Together, Erwin and Catania have developed what they consider a very promising anti-bullying program called Girls Helping Girls, which is designed to begin cultural change among girls in middle schools. The program focuses on 17 target behaviors, believed to be the most common ways girls bully. One of Erwin and Catania’s main goals is to create a shared language among adolescent girls that labels certain subtle signs and gestures as mean, such as False Fronting, or acting one way in front of someone and then talking about the person behind their back, and Convenient/Conventional Friendships, when a girl is extra nice to a peer just to get something she wants, then drops the peer immediately afterward. Another important goal is to emphasize kindness and compassion by allowing girls to see how it feels to walk in another’s shoes.

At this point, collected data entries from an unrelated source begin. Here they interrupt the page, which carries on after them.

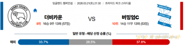 2026-03-21 21:30 잉글랜드 챔피언쉽 더비 카운티 버밍엄시티
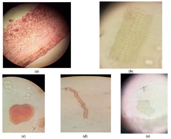 For powder microscopic studies, a few drops of chloral hydrate solution were added to a sample of powdered plant material on a slide and heated gently over a micro-Bunsen. The slide was covered with a glass cover slip for examination under the microscope, and different cell components were observed. The microscopic evaluation was supplemented with photomicrographs of different magnifications obtained using a Leica light microscope DM 1000 LED (Leica Microsystems CMS GmbH, Wetzlar, Germany).
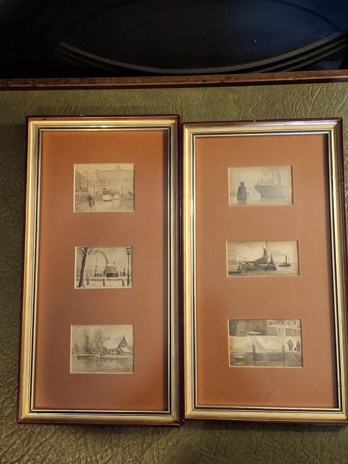 This is a pair of antique miniature watercolour pictures created between 1900 and 1920. Each picture features 3 miniature watercolours painted on cigarette cards by Ave Van Bensdorp they are beautifully painted and have a very small amount of foxing, unusual and interesting works of early 20th century art they measure
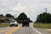 Highway 130 connects Stuttgart and DeWitt, the two county seats of Arkansas County. Despite estimated travel times similar to US 165 between the cities, US 165 receives three times more vehicular traffic as a mainline route across Southeast Arkansas.[lower-alpha 1] The route is a rural, two-lane road its entire length, except near the western terminus in Stuttgart.[1] Highway 130 is entirely within the Grand Prairie, a subset of the Mississippi Alluvial Plain ecoregion known for rice cultivation and duck hunting.[4]
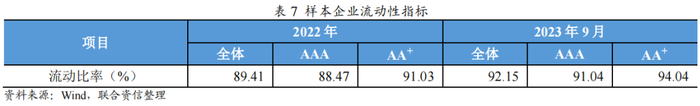 流动性方面,截至2023年9月末,样本企业平均流动性比率92.15%,较上年末略有提升,AAA和AA+样本企业平均流动性比率较上年末均有不同程度的提高,AA+样本企业的流动性比率高于AAA样本企业。需要关注的是,产业类融资租赁公司,特别是能源、飞机等产业的,由于项目周期长,资产期限长,流动比率处于较低水平,且新发债券偏短期,与资产存在一定的错配,需要关注其流动性管理情况。
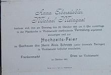 | Hochzeit Einladung für die Eltern von Erika Meingast | unbekannt | unbekannt | Datei:Hochzeit Einladung für die Eltern von Erika.jpeg |
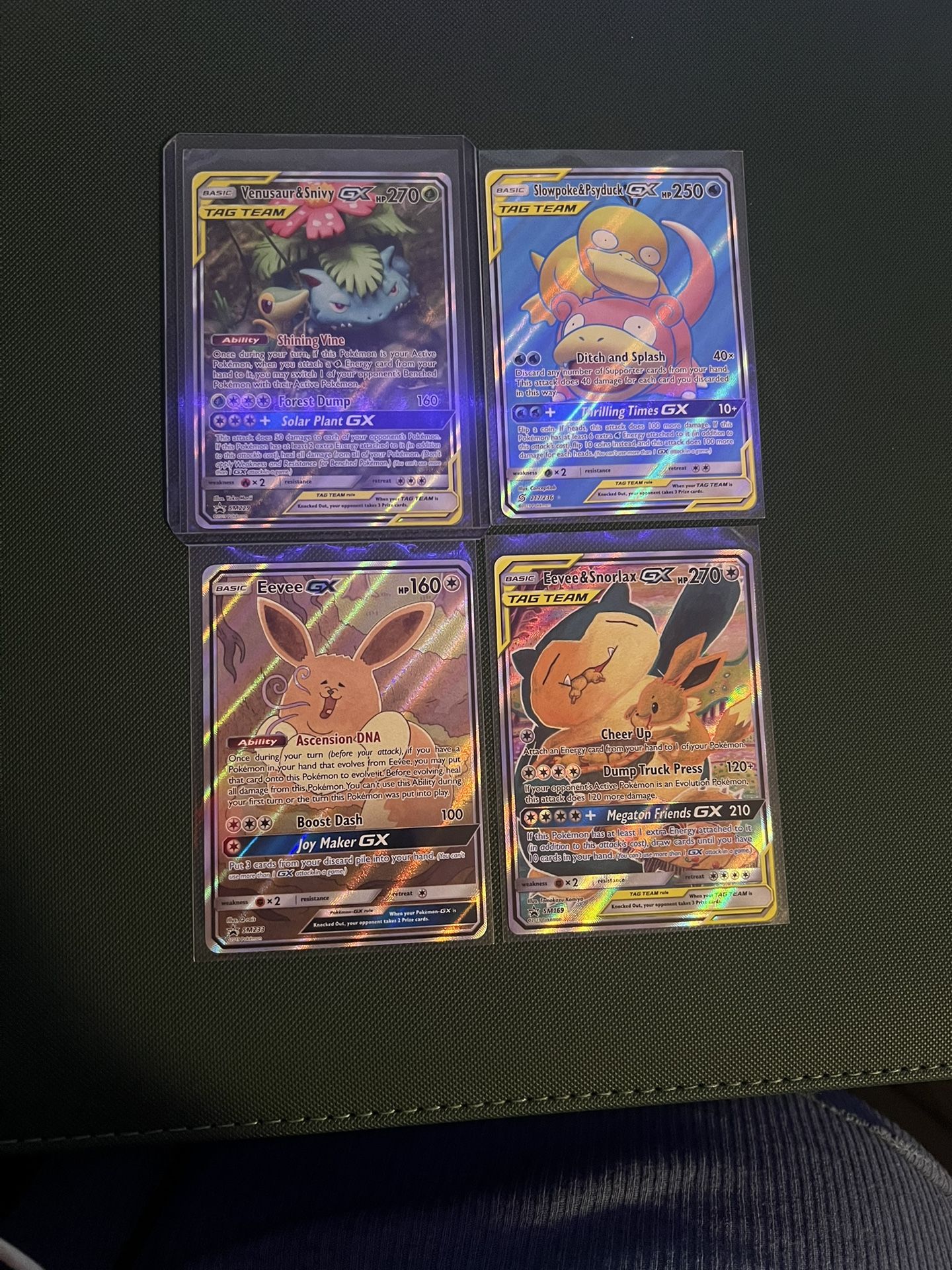All are NM except Slowpoke Psyduck Venusaur Snivy - $70 Eevee GX - SOLD Eevee Snorlax - SOLD Slowpoke Psyduck - $70 Feel free to send offers, not necessarily looking to trade.
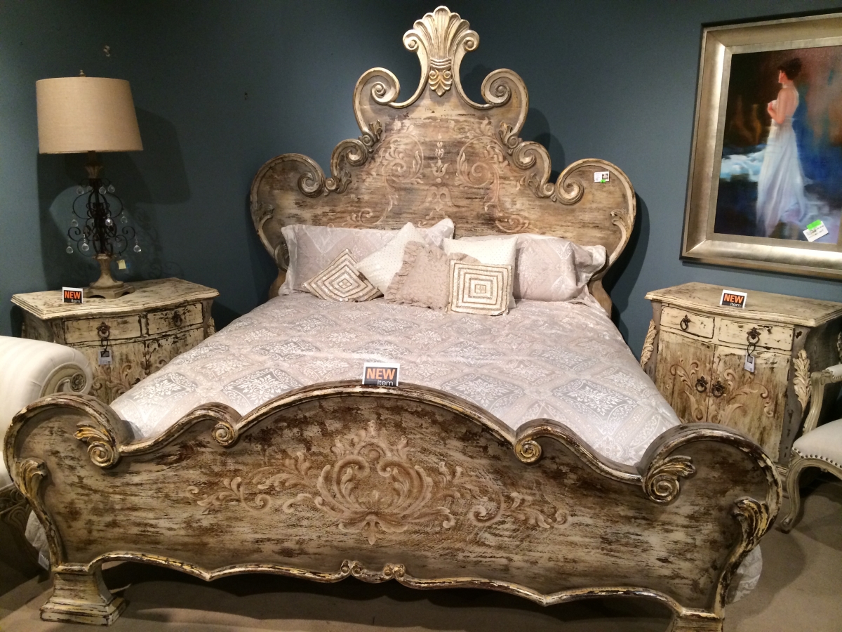 The Savoie King Bed is one of our most popular beds and stands a stately 90 tall from our Savoie Series . This collection boasts a Spanish Coastal influence with large scaled details in a continental lighter finish of distressed creamy whites with a contrast resulting from hand rubbing and exposing the rich wood undertones then delicately detailed with hand painted soft scrolls. There are many matching items offered in this series as well as designed matching Savoie nightstands. The Savoie series is part of our Santa Lucia Collection which consists of handmade hand painted and distressed solid wood furniture making each piece a timeless investment. Hand crafted treasures made one piece at a time under one roof by our exclusive family owned manufacturer from Lima Peru. Their master artisans are skilled in furniture making techniques influenced by the Spanish during the colonization of Peru. Many items in the diverse collection feature specialty hand painted finishes that have also been passed on and perfected from generation to generation. The family strives to be environmentally friendly by using woods re-purposed from haciendas and old colonial homes as well as wood indigenous to South American forests primarily mahogany cedar moena and requia. If you are a lover of beautiful painted furniture find hill country rustic romantic or find richness in Mediterranean lore Then you too may fall in furniture love with this fine collection.
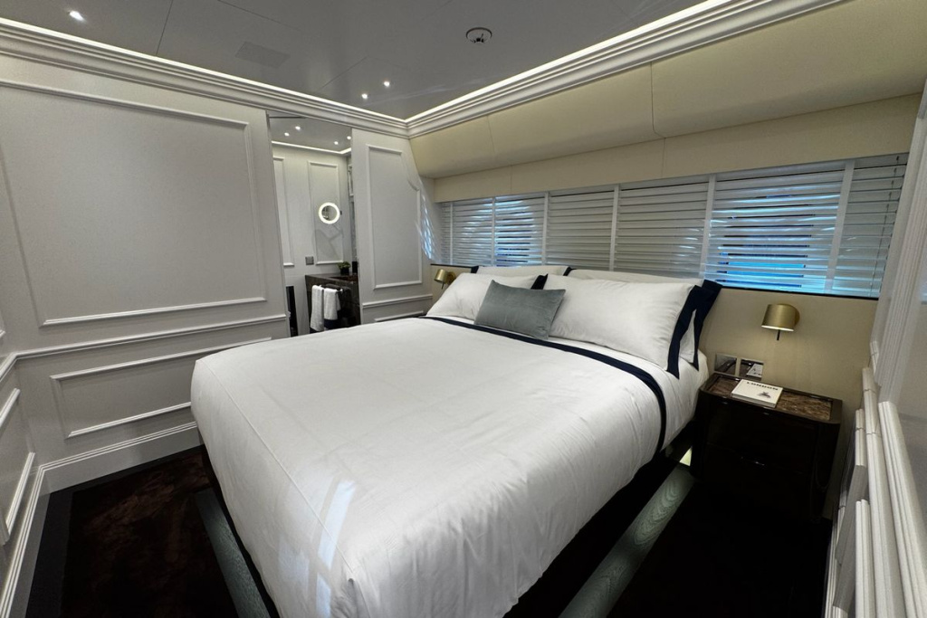 The yacht accommodates up to eight guests in three cabins, with separate crew quarters ensuring privacy on board. Interiors lean towards timeless simplicity, with light tones and clean detailing.
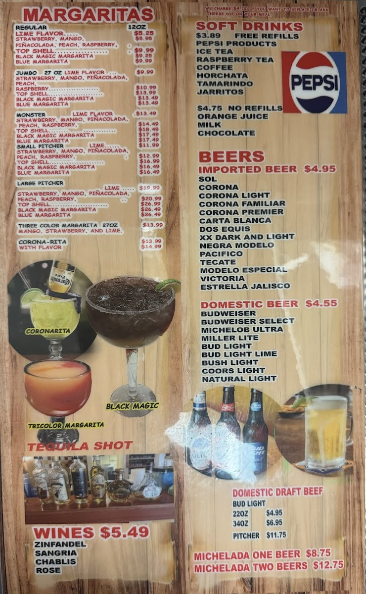 12'' tortillas filled with beef tips, chicken, pork and vegetables. Topped with cheese dip, red and green sauce.
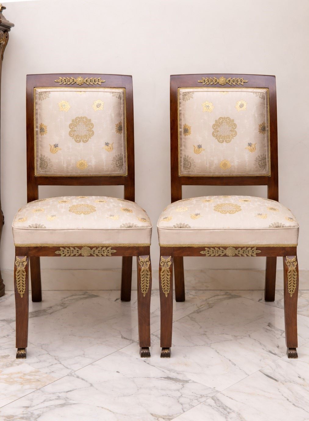 • Lot n° 0244 Coppia di sedie in stile Impero - In legno con applicazioni in bronzo. Rivestimento in tessuto in ottime condizioni. I lotti oggetto della presente asta sono ubicati presso un’abitazione privata sita in Roma.La partecipazione all’asta implica la piena accettazione della condizione secondo cui il ritiro dei beni aggiudicati sarà interamente a cura, rischio e spese dell’aggiudicatario.Resta inteso che eventuali operazioni di smontaggio, imballaggio, trasporto e ritiro dovranno essere organizzate direttamente dall’aggiudicatario.Si raccomanda pertanto di richiedere preventivamente tutte le informazioni necessarie, anche al fine di acquisire eventuali preventivi per il trasporto prima di formulare un’offerta. - 105 x 57 x 60 cm -
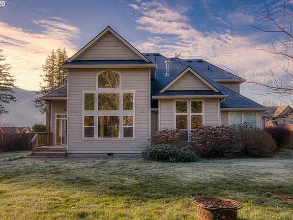 Beautiful custom 3 bed, 2.5 bath home with territorial views of the Gorge, in the coveted neighborhood of Angel Heights. The open concept kitchen features an island, gas stove, and stainless steel appliances. Hardwood floors and vaulted ceilings throughout the living room. The master bedroom has a master bath with two sinks, a jetted tub, and a walk in closet. This home also has a laundry room, formal dining room, breakfast nook, and an office. Great back yard for entertaining.
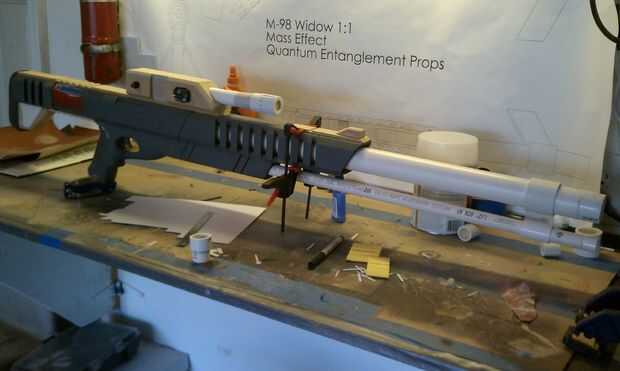Una vez ambos barriles un acoplador que se deslizó sobre ellos fácilmente, corte y pegado un pedazo de acrílico 1/4" entre ellos para mantener los barriles paralelos. El cañón principal tenía un 1-1/4" a 3/4 antideslizante adaptador pegado al final de la misma para hacer las paredes del cañón se vea más grueso. El bajo cañón tiene un pedazo de estireno pegado hasta el final para colmo. Todas las conexiones se lija suave y la pieza de conexión del acoplador/acrílico fue pegada en lugar.
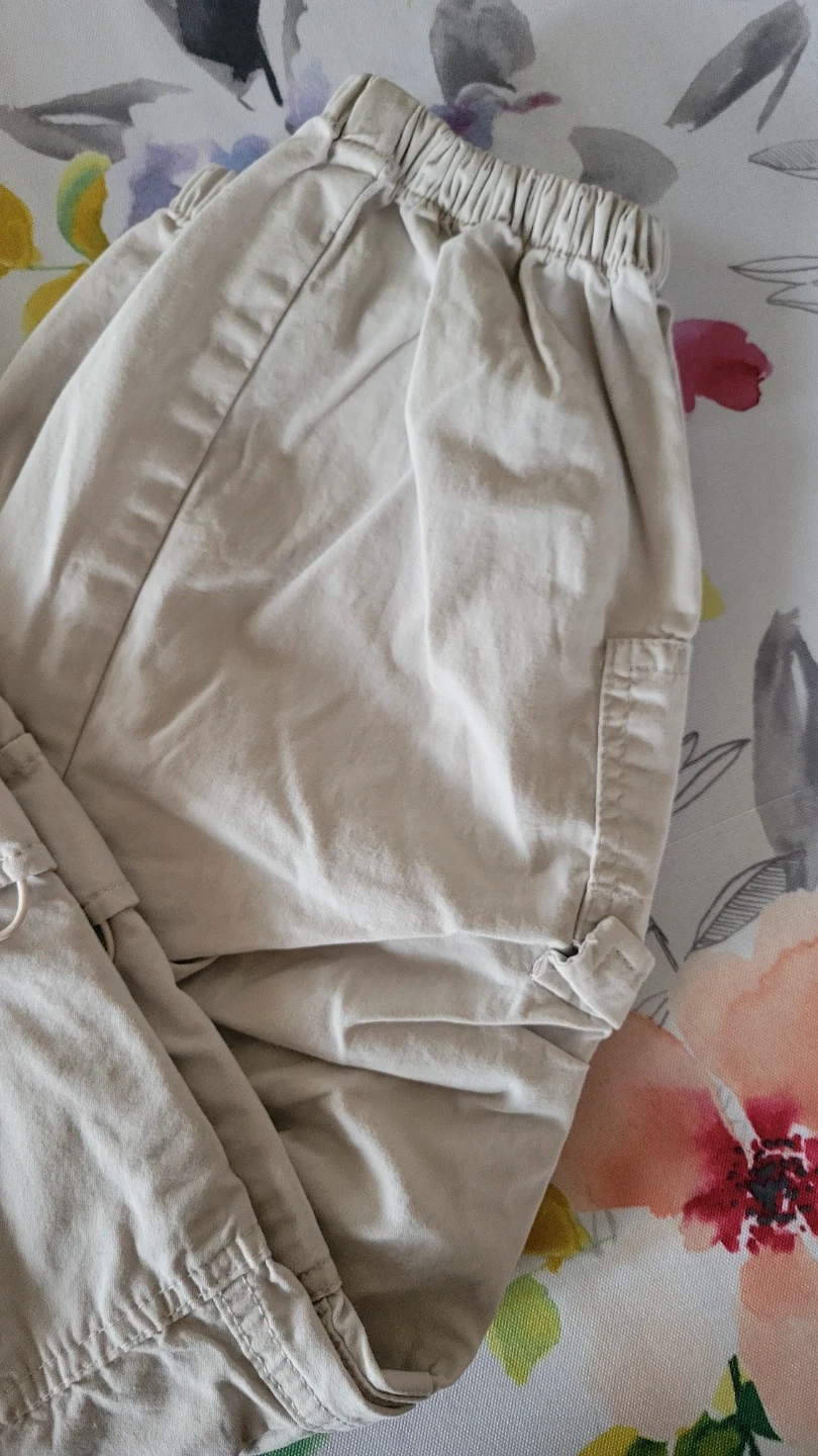 Kids cargo pants in a classic beige colour. These pants have an elastic waistband for comfort. They're great for everyday wear and outdoor activities. Size is medium, fitting 10-12.
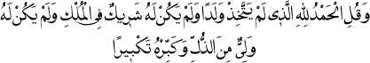 3 De ki: Hamd olsun o Allah’a ki, evlat edinmekten münezzehtir, mülkünde ortağı bulunmaz ve hiçbir şeyden de aciz değildir ki yardımcıya ihtiyacı olsun. Ve hürmet ve tazim ile Onun yüceliğini an. (İsra Suresi:111. )
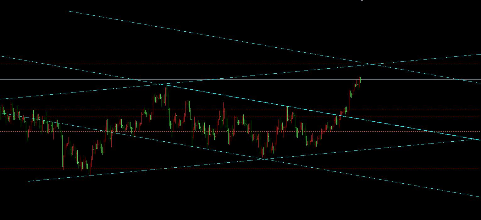 昨天黄金至欧盘弱多信号出现后,一直上涨,晚间两间在4100压制回落4087不破,再次上扬突破4103形成加速上行,最终以一根中阳收盘,从当下来看,短期突破了通道边线,后市延倬去H2的边线位,其次是日图上线及上轨区域,不过经过昨晚的强势上扬,早盘预期先行拉升一下后会走一个修正再次上涨,目前支撑4105和17区域,所以综合得下来得出结论如下:
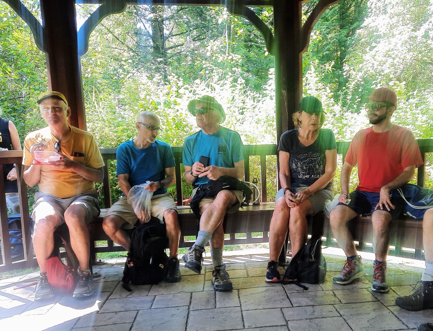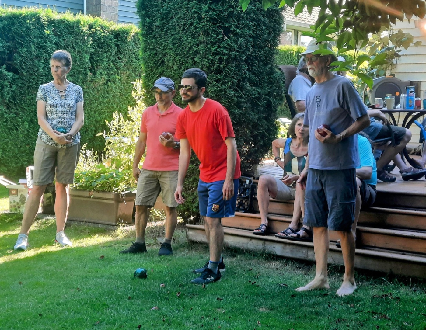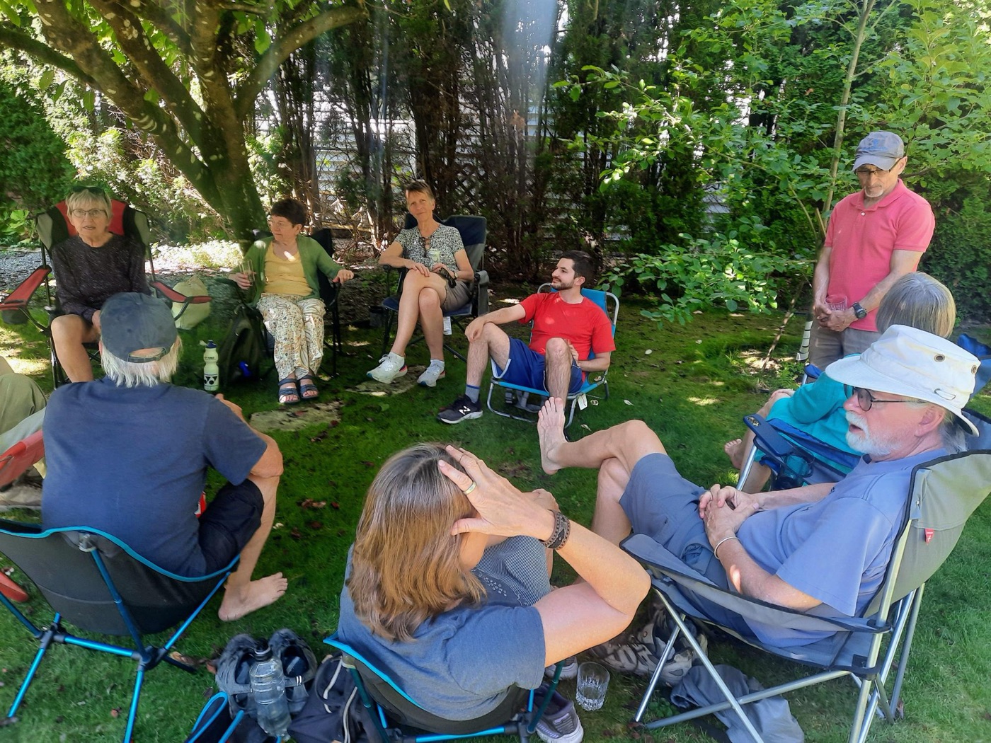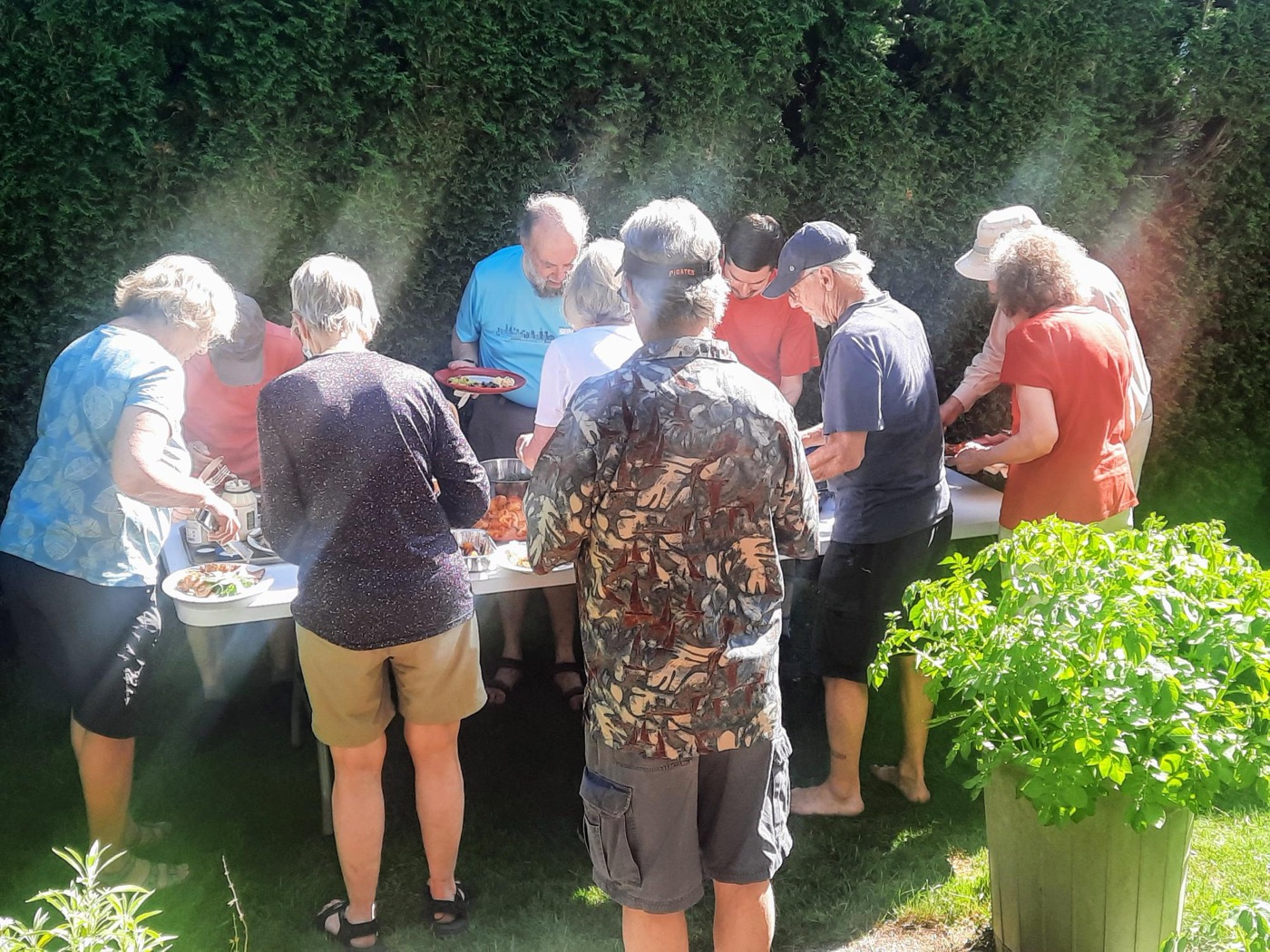 The day concluded with our annual BBQ, hosted once again by Ralph, Tina, and Maki, with Jon and Sandy serving as our grill-meisters. Our numbers at the BBQ were supplemented by several bonus Loopers, who had been unable to take part in the walk itself. Loopers could be observed lounging in various groupings about the yard: the shade-loving Loopers sought shade, while the solar-powered Loopers bronzed themselves in the sun. A lavish table of salads and other fine food offerings was spread in the shade. People partook, beverages were quaffed, and conversations took place, as well as bocce.
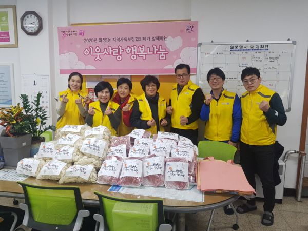 화정1동 지역사회보장협의체는 떡국떡 60kg과 소고기 60kg를 30가구에 전달했으며 복지사각지대 해소를 위해 관내 주민들이 후원한 지정기탁금으로 나눔 활동을 했다.
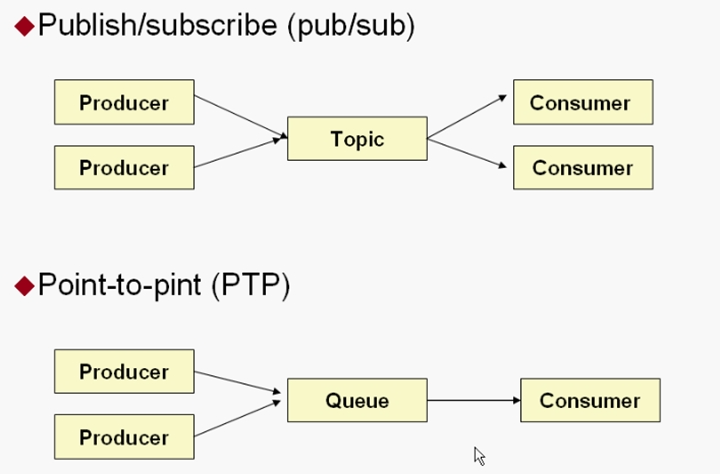 | JMS 公共 | 点对点域 | 发布/订阅域 |

According to Dr. Erwin, most girls doing the bullying may realize that they’re being nasty, but they probably don’t understand the consequences of their actions or how much they’re hurting the person being bullied. “In my experience, most girls who are shown exactly how nasty and mean what they’re doing is would most likely stop on their own,” Dr. Erwin says.

Both Erwin and Catania agree that the program is much more effective with parental involvement.

“Parents really need to step up and get themselves involved in this program,” Erwin says. “They need to ask their kids questions about their friends, their attitudes, situations where they’ve felt uncomfortable and where they are in social circles. Parents should also show their child that they understand just how nasty girls may be, and even share any personal experiences.”

Catania agrees and feels that a parent’s first step should be to acknowledge their child’s pain.

Unless relational aggression becomes an absolute emergency, Dr. Erwin feels parents should not get personally involved in trying to fix the problem, such as by calling the other girl’s mother or the school, both of which may actually make things worse. He and Catania believe that letting the girls work things out for themselves often proves most useful.

One very smart solution parents can use, Erwin says, is to offer an alternative activity that won’t put their daughter in an awkward position, like allowing them to participate in a different girl scout group if the one they’re in is hurting them or placing them in a bad situation. Parents can also offer to participate in activities with their children, like taking them shopping or simply just hanging out with them at home— anything to keep kids busy and take their minds off school troubles.

Erwin and Catania hope to implement the Girls Helping Girls program in schools throughout the country, providing an extensive curriculum including skits, guidance sheets, one-on-one counseling sessions and a pledge against girl bullying.

“What’s great about the Girls Helping Girls program is that it makes the transition from middle school to high school go much more smoothly,” says Catania, “because it allows girls to realize that they are not alone and that what they’re going through is not just a personal attack on them.”

Kara Giannecchini is an assistant editor.